結婚とか将来のこととか、今から考えることでもない。いまどき高校生にもなって男女交際の経験もない方がおかしい。
試しにちょっと付き合ってみる――それでいいのかもしれない。なにしろ、もう肉体関係を持ってしまった相手なのだ。
『まあ……考えてみる』
恥ずかしさもあって曖昧に答える。
『でも……』
問題がないわけでもない。
『あんたと付き合うとして……。宏樹と、今まで通りの関係を続けてても平気?』
正確には「今まで通り」ではない。多分、そう遠くない未来、宏樹とも最後の一線を越えてしまう。

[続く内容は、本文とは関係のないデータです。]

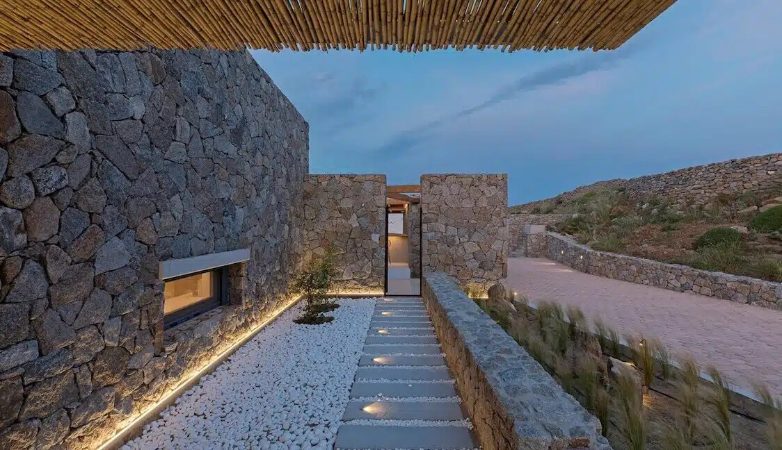 The two buildings are linked with a shared open air terrace which will be the main collective space for the complex. There large pool is located on the centre and uses such as bar, dining, outdoor lounge are scattered around. There have also been designed a bbq and additional lounges. The high stone walls built on the back of the terrace act as a barrier to the strong winds coming from the north, protecting in the best possible way the pool and its uses. This barrier in that way becomes the linking corridor between the two buildings (main villa and guest house) and at the same time acts as a divider between the outdoor spaces and the service road. There have also been designed a housekeeper’s room and a fully equipped gym all located underground together with other rooms for facilities.

竹上にとっては些細な問題かも知れないが、一応は確認しておかなければならない。
『んー、まあ俺は構わんが、弟の方はどうかな? たぶん嫌がるぜ? 独占したがるんじゃないか?』
そうだろうか。
宏樹にとって私は、性欲処理の道具なのだ。誰と付き合おうと、自分の欲望さえ満たせられればいいのではないだろうか。
『どうしてそう思う?』
『同じ、男だからな』
私にはよくわからない回答だった。
車を降ろしてもらったのは家の前ではなく、一○○メートルちょっと離れたところだった。
少し、一人で歩きたかった。
少し、一人で考えたかった。
心の準備も必要だった。
頬を撫でる風が涼しい。
胸一杯に新鮮な空気を吸い込む。
脚に力が入らなかった。
あの部分に、鈍い痛みと異物感が残っている。
それが、今日の出来事が夢ではないと物語っている。
初体験、してしまった。
セックス、してしまった。
それも竹上と。
今さらのように実感が湧いてくる。
恥ずかしい。顔が火照る。
そして……なんとなく気まずい。
罪悪感、だろうか。
後ろめたさを感じる必要はないはずなのだが、平常心ではいられない。
宏樹と顔を合わせることに抵抗を感じる。
これから、宏樹とはどうなるのだろう。
竹上との関係を知ったら、宏樹はどう思うのだろう。
隠すことは不可能だった。首筋や胸やお腹、あるいは太腿に、数え切れないほどのキスマークが残っている。竹上が遠慮なしにつけまくったのだ。
私は小さく溜息をついて、躊躇いがちに家に入った。
「……遅かったな」
低い声が出迎える。
私の目に映るのは宏樹の足だけだった。目を合わせることに抵抗があって、うつむいて靴を脱いだ。
「……あいつと一緒だったのか?」
早足で自室に向かおうとする私の背後から、宏樹の声が追ってくる。
一瞬、身体が強張った。
小さく深呼吸して、宏樹に背中を向けたまま答える。
「…………、宏樹には関係ない」
多分、こんな言い方をするべきではなかった。それはわかっていたが、他に言うべき言葉も思いつかなかった。
その直後、なんの前触れもなしに激しい衝撃が頭部を襲う。
暗くなる視界。
遠くなる意識。
殴られたのだ、と理解したところで完全に意識を失った。